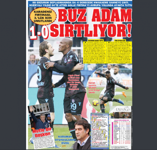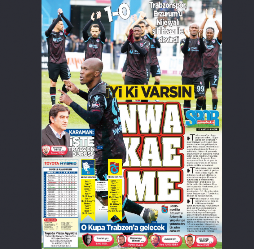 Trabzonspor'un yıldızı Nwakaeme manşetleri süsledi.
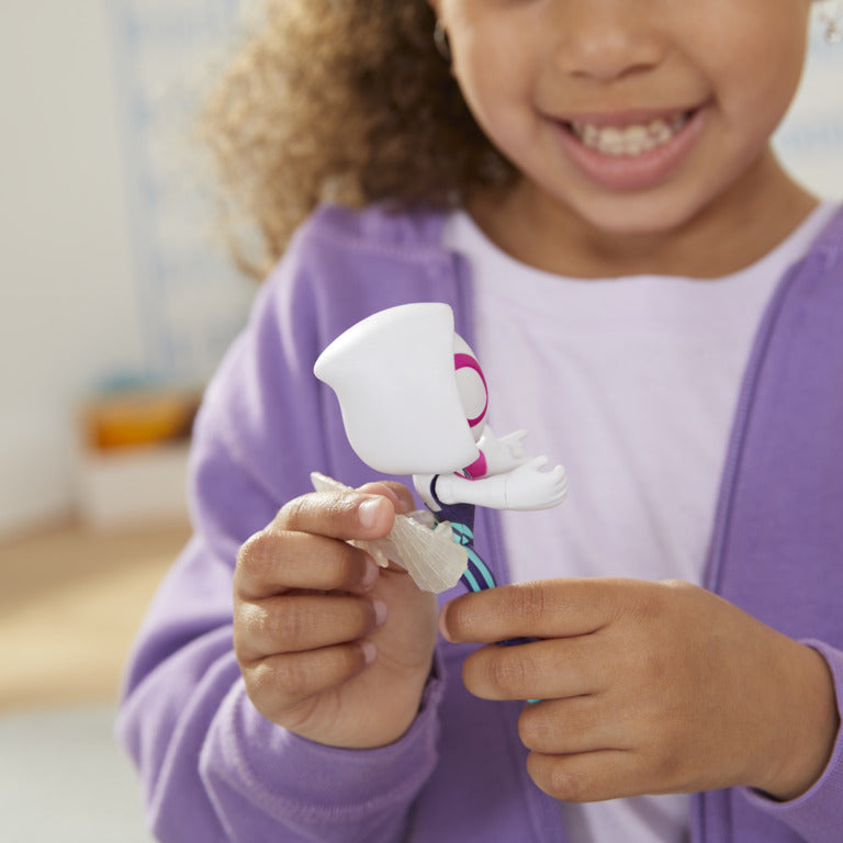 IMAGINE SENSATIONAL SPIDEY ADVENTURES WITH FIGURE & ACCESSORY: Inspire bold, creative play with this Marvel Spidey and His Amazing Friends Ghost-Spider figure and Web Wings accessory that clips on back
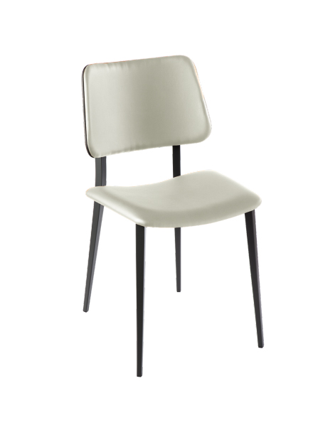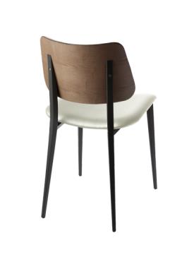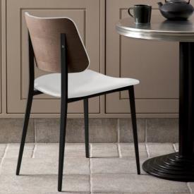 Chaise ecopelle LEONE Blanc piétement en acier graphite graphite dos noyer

|---|

**TASK REQUIREMENTS**
Retype the listing exactly. Leave out its pictures.

**OUTPUT**
 Trabzonspor'un yıldızı Nwakaeme manşetleri süsledi.
 IMAGINE SENSATIONAL SPIDEY ADVENTURES WITH FIGURE & ACCESSORY: Inspire bold, creative play with this Marvel Spidey and His Amazing Friends Ghost-Spider figure and Web Wings accessory that clips on back
 Chaise ecopelle LEONE Blanc piétement en acier graphite graphite dos noyer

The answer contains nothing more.